Versuche nicht, einen zu warmen Spaziergang mit einer plötzlichen, aggressiven Abkühlung auszugleichen. Veränderungen sollten behutsam erfolgen. Der beste Plan ist Vorbeugung: passende Uhrzeiten, Pausen, Wasser und gute Ruheplätze.

Die Sommerroutine muss zu deinem Hund passen

Ein junger, energiegeladener Hund verträgt Hitze anders als ein Senior. Ein Hund mit dichtem Fell hat andere Bedürfnisse als einer mit kurzem Fell. Ein ängstliches Tier kann in belebten Umgebungen schneller ermüden, auch wenn die Temperatur nicht extrem erscheint.

Deshalb solltest du die Sommerroutine nicht von anderen kopieren. Beobachte deinen Hund. Passe die Uhrzeiten, die Dauer des Spaziergangs, die Pausenorte und den Ruheplatz an.
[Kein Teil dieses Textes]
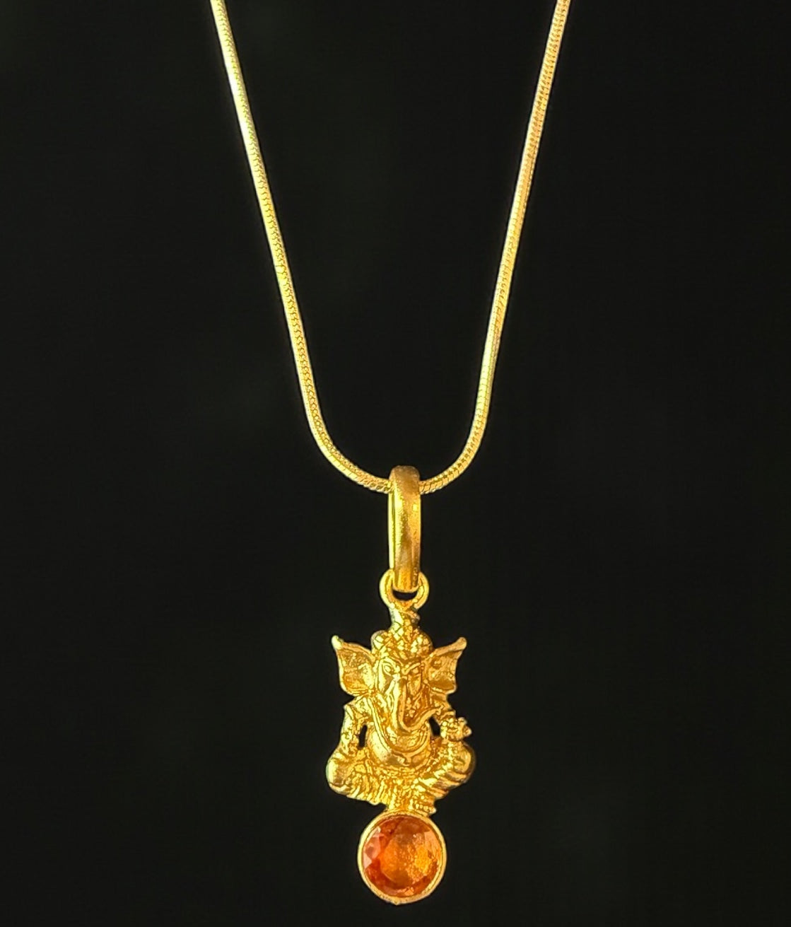 The pendant features an intricately sculpted form of Lord Ganesha, symbolizing wisdom, prosperity, and protection. Each detail is carefully hand-finished by skilled artisans, giving the piece a refined temple-jewellery character that stands out in both daily wear and festive occasions.
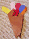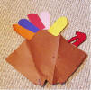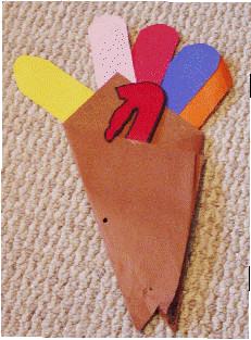 Turkey Cone This cone was used to put popcorn in for our Thanksgiving Feast. The first picture below is one of the turkey opened up. The second picture is one with it folded and stapled for use as a cone. Click on pictures to enlarge.
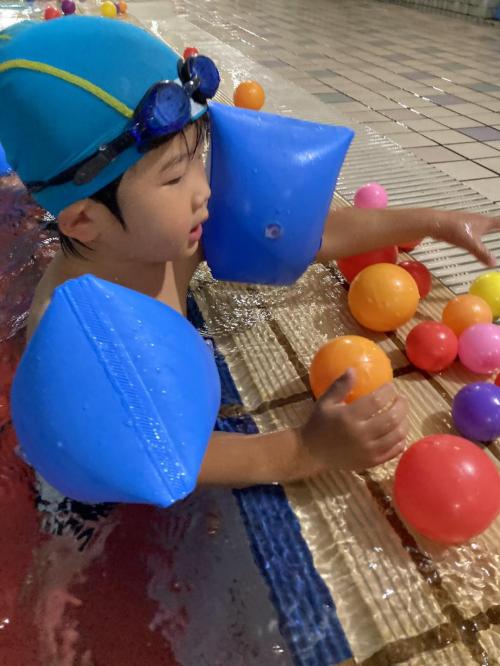 お写真のお子様は、ご入会された時はお母様と離れるのが寂しくて、涙しながら練習されていましたが、おもちゃやボールで水慣れを行い、コーチとたくさん楽しいお話もしていって、ピノスにだんだん慣れてこられ、今では自分から身の回りのお話をされたり、最初から最後までずっとニコニコ笑顔で、過ごされるようになられました。
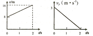平面内做曲线运动,从t=0时刻起,在x方向的位移图象和y方向的速度图象如图所示,则![]()
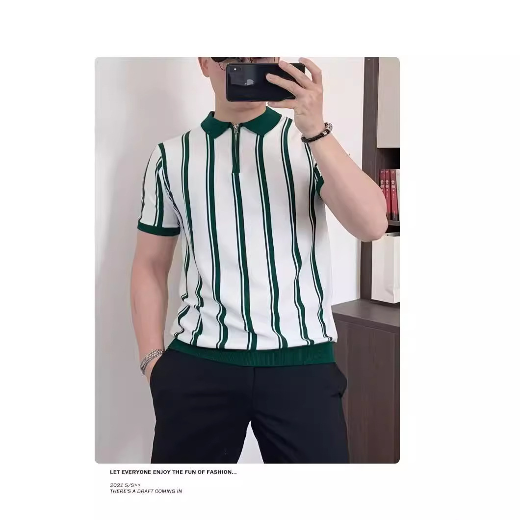 男装polo衫短袖薄款夏季翻领拉链上衣韩版条纹T恤透气商务短袖男
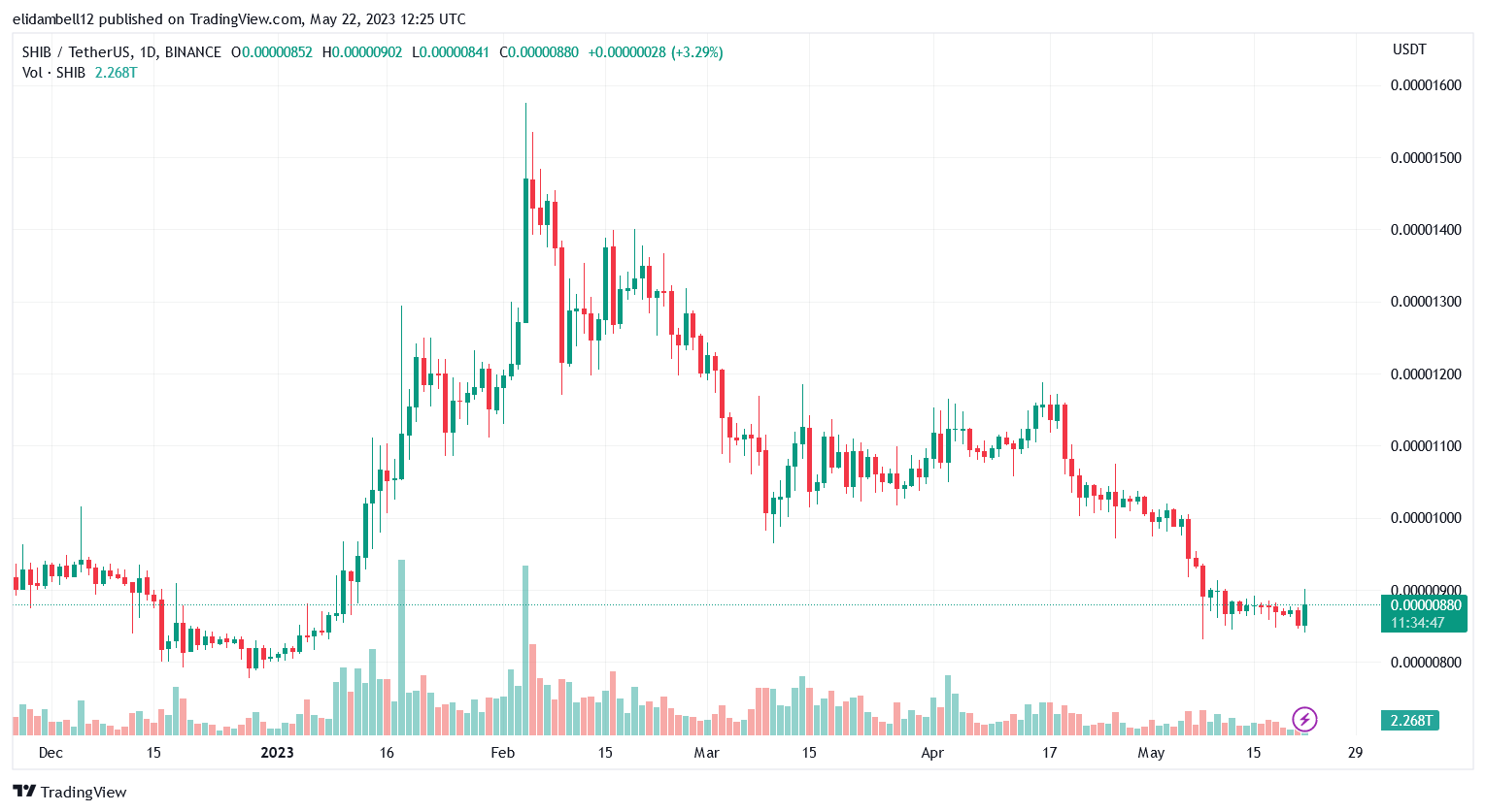SHIB is experiencing volatility today as it seeks to recover from the recent price drop in May, leading to a death cross on May 10, 2023.
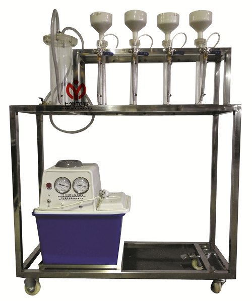 本裝置主要配置(zhì):真空泵、計量筒、緩衝罐、布氏漏鬥、濾紙、高壓氣管、排空閥、不鏽鋼框架。
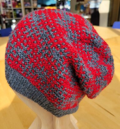 Hat is worked with some extra length for a slouchy look. It uses a fingering weight yarn which is a nice light weight yarn. 2 contrasting colors are used with high contrast.
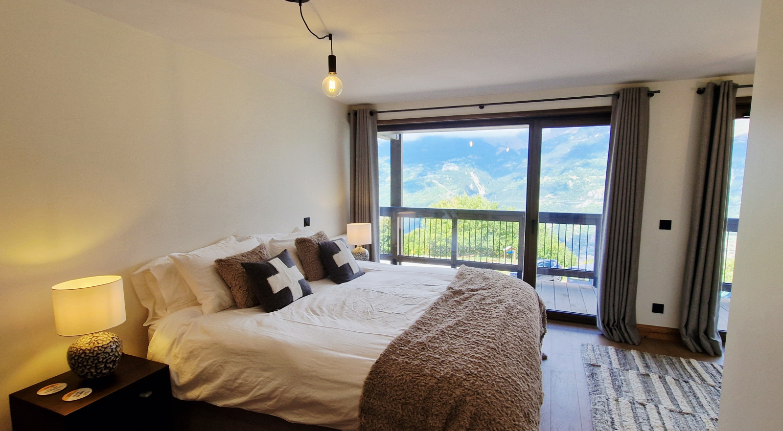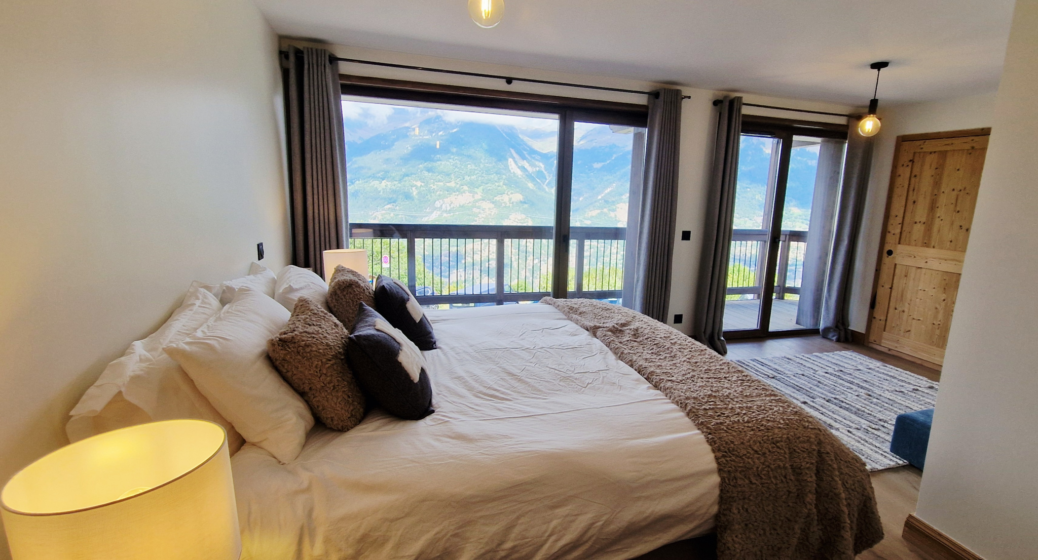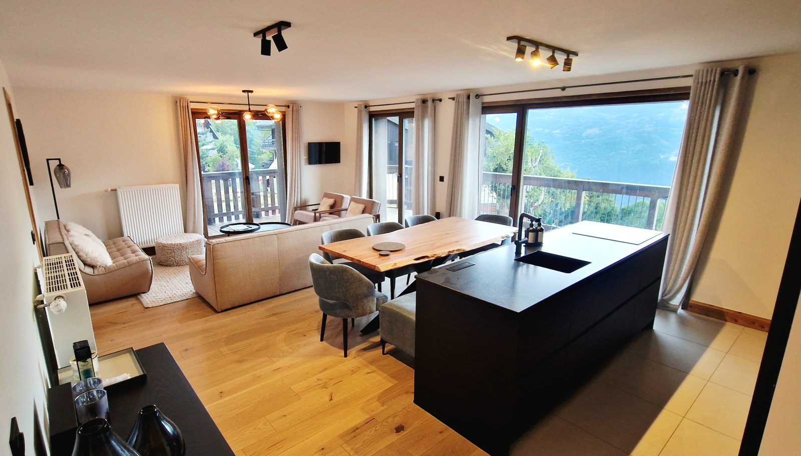 Balcon aménagé offrant une vue dégagée sur la station et les montagnes.
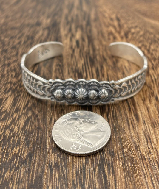 Navajo Handmade Sterling Silver Old Look Concho Design Stacker Cuff Bracelet
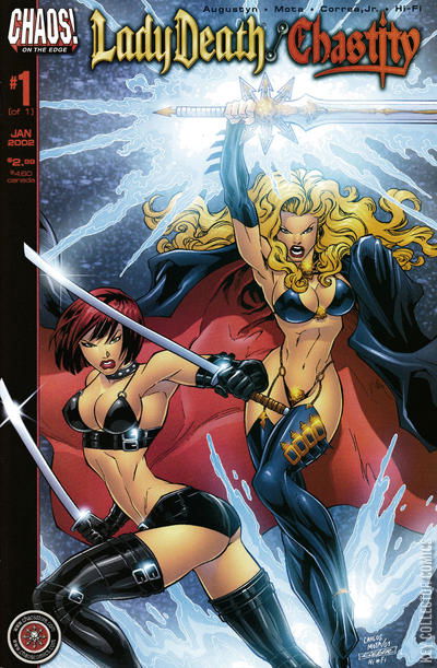 Written by fan favorite Brian Augustyn (Out There)! One has a serious demeanor. The other is happy go-lucky. Lady Death and Chastity... together for the very first time ever! What happens when two unlikely heroines join forces? Will they butt heads or will they get along? New York City will never be the same after these two beauties of Chaos! join forces and cause havoc in the streets. If that's not enough to boggle your senses?? What ghostly, supernatural entity could they possibly be up against? Tune in and find out Chaos! fans because the most exciting inter-Chaos! crossover opens the doors to these questions and more! Expect the unexpected!
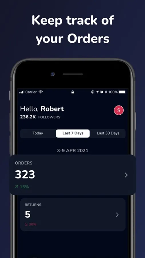 KEEP AN OVERVIEW OF YOUR BUSINESS: We're connecting your e-commerce store to Bon Merchant, so you will gain real-time insights into your followers, orders and returns to better understand your performance.

Ein guter Sommer für den Hund ist nicht der aktivste, sondern der ausgewogenste.

Wenn Wasser, Schatten, Tempo und Ruheplatz zusammen gedacht werden, kann der Hund die Saison genießen, ohne über seine Grenze gebracht zu werden.

Häufige Fragen

Wann gehe ich im Sommer am besten mit dem Hund spazieren?

Der frühe Morgen und der Abend sind meist am besten geeignet. Vermeide die Tagesmitte, besonders auf Asphalt oder in Bereichen ohne Schatten.

Woran erkenne ich, dass ihm zu heiß ist?

Anzeichen können starkes Hecheln, ein langsamerer Gang, die Suche nach Schatten, übermäßiger Speichelfluss oder die Weigerung weiterzugehen sein. Bei starken Symptomen hole tierärztlichen Rat ein.

Welcher Ruheplatz eignet sich im Sommer?

Ein luftiger Platz, geschützt vor direkter Sonne, stabil und leicht zu reinigen. Für manche Hunde kann eine Outdoor-Matratze oder eine Decke an einem schattigen Ort sehr hilfreich sein.

Muss ich meinen Hund im Sommer scheren?

Das hängt von der Rasse und der Fellart ab. Nicht alle Hunde sollten kurz geschoren werden. Frage bei Entscheidungen rund ums Fell einen Groomer oder die Tierarztpraxis.